▶ **The input**:

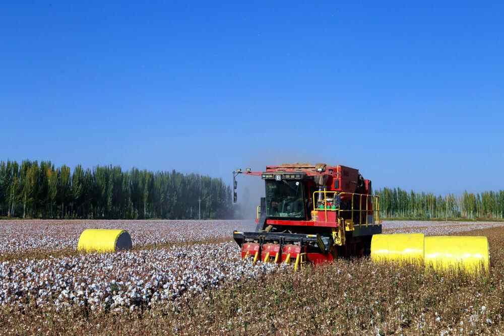 ↑2025年10月11日,在新疆阿克苏地区阿瓦提县拜什艾日克镇仓村,农民在驾驶采棉机采收棉花。CICPHOTO/包良廷 摄
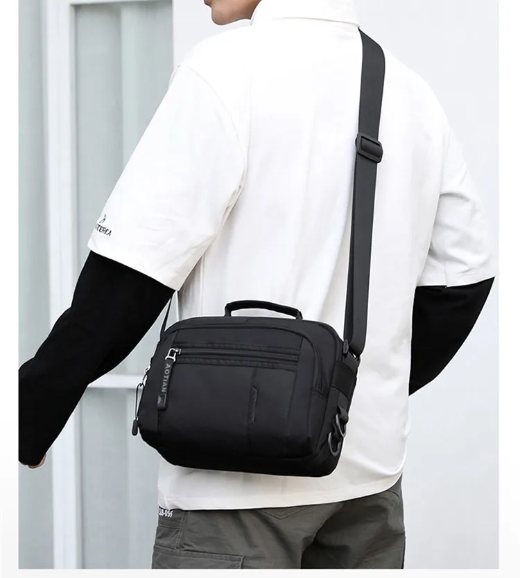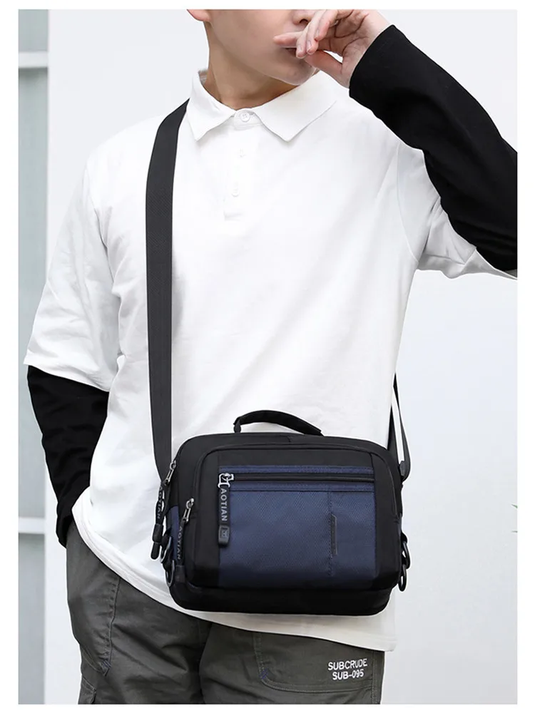 Мужская нейлоновая сумка через плечо 2020, водонепроницаемая сумка из нейлона на молнии с пэчворком, универсальная черная Дорожная сумка с несколькими карманами
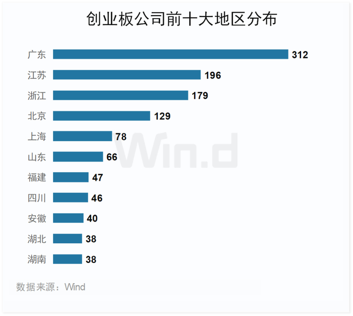 创业板上市公司广泛分布在30个省市,其中广东、江苏、浙江、北京和上市数量最多。
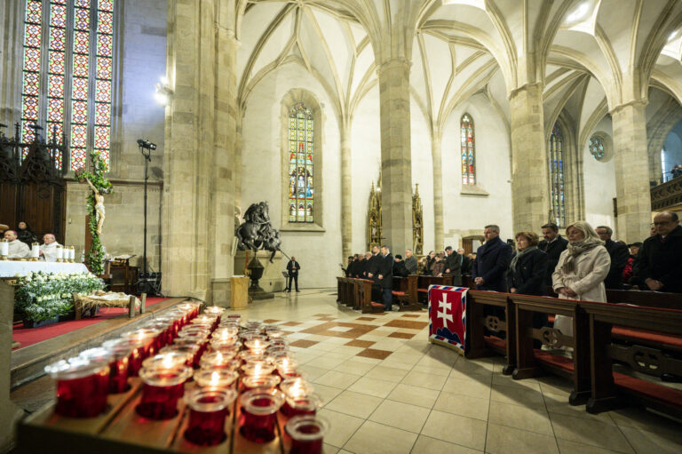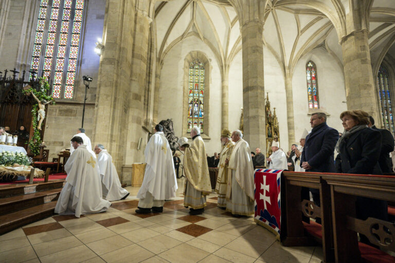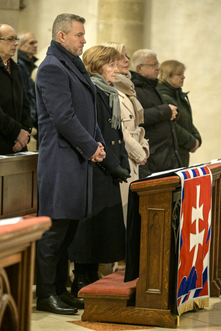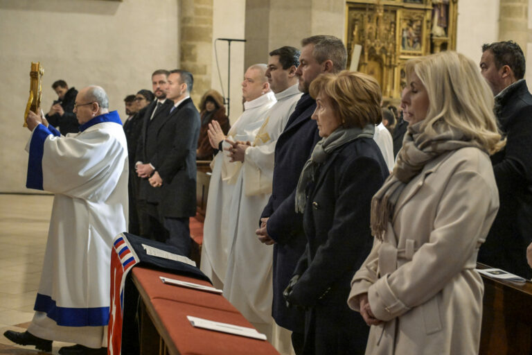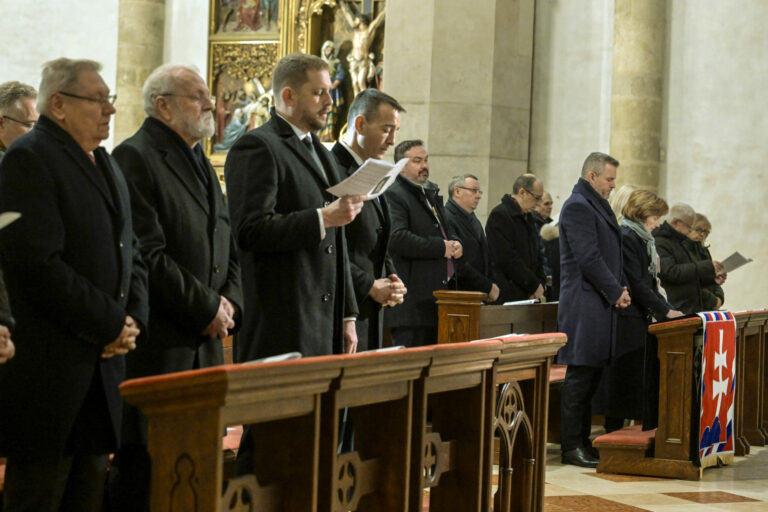 Prezident SR Peter Pellegrini (v popredí tretí sprava) počas slávnostnej svätej omše, ktorá sa konala pri príležitosti štátneho sviatku výročia vzniku Slovenskej republiky v Katedrále sv. Martina v Bratislave. Bratislava, 1. január 2025. Foto: SITA/Milan Illík.
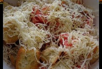 Ingredientes: 2-3 tomates maduros grandes, unas rebanadas de pan, media lata de anchoas, 4 dientes de ajo, aceite de oliva, sal, pimienta, albahaca, vinagre, queso curado rallado.Para preparar los picatostes cortamos groseramente las rebanadas de pan. Aliñamos los trozos con dos dientes de ajo bien picados, sal, pimienta y un chorrito de aceite. Removemos y metemos al horno unos 15 minutos, hasta que se doren los picatostes.
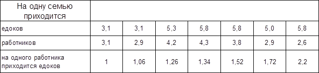 Семья, состоящая из пяти человек: отец, его жена, сын 18 лет, две дочери-подростки. Кроме них в доме живут две постоянные работницы и четыре сезонных работника, то есть всего 11 человек, из которых 9 взрослых. Данное хозяйство являлось хозяйством среднего достатка, которое сверх занятий земледелием держало еще земскую постовую станцию. На питание 11 человек семья тратила 545 рублей, то есть на одного человека 49 руб. 60 коп., из которых на растительную пищу - 21руб. 80 коп., на животную - 27 руб. 80 коп. Причем сюда не вошла стоимость непосчитанной домашней птицы и все покупные продукты, например, сахар.[32]

▶ **Work request**: Type out each line of the records above exactly, skipping any pictures.

▶ **Response box**:
 ↑2025年10月11日,在新疆阿克苏地区阿瓦提县拜什艾日克镇仓村,农民在驾驶采棉机采收棉花。CICPHOTO/包良廷 摄
 Мужская нейлоновая сумка через плечо 2020, водонепроницаемая сумка из нейлона на молнии с пэчворком, универсальная черная Дорожная сумка с несколькими карманами
 创业板上市公司广泛分布在30个省市,其中广东、江苏、浙江、北京和上市数量最多。
 Prezident SR Peter Pellegrini (v popredí tretí sprava) počas slávnostnej svätej omše, ktorá sa konala pri príležitosti štátneho sviatku výročia vzniku Slovenskej republiky v Katedrále sv. Martina v Bratislave. Bratislava, 1. január 2025. Foto: SITA/Milan Illík.
 Ingredientes: 2-3 tomates maduros grandes, unas rebanadas de pan, media lata de anchoas, 4 dientes de ajo, aceite de oliva, sal, pimienta, albahaca, vinagre, queso curado rallado.Para preparar los picatostes cortamos groseramente las rebanadas de pan. Aliñamos los trozos con dos dientes de ajo bien picados, sal, pimienta y un chorrito de aceite. Removemos y metemos al horno unos 15 minutos, hasta que se doren los picatostes.
 Семья, состоящая из пяти человек: отец, его жена, сын 18 лет, две дочери-подростки. Кроме них в доме живут две постоянные работницы и четыре сезонных работника, то есть всего 11 человек, из которых 9 взрослых. Данное хозяйство являлось хозяйством среднего достатка, которое сверх занятий земледелием держало еще земскую постовую станцию. На питание 11 человек семья тратила 545 рублей, то есть на одного человека 49 руб. 60 коп., из которых на растительную пищу - 21руб. 80 коп., на животную - 27 руб. 80 коп. Причем сюда не вошла стоимость непосчитанной домашней птицы и все покупные продукты, например, сахар.[32]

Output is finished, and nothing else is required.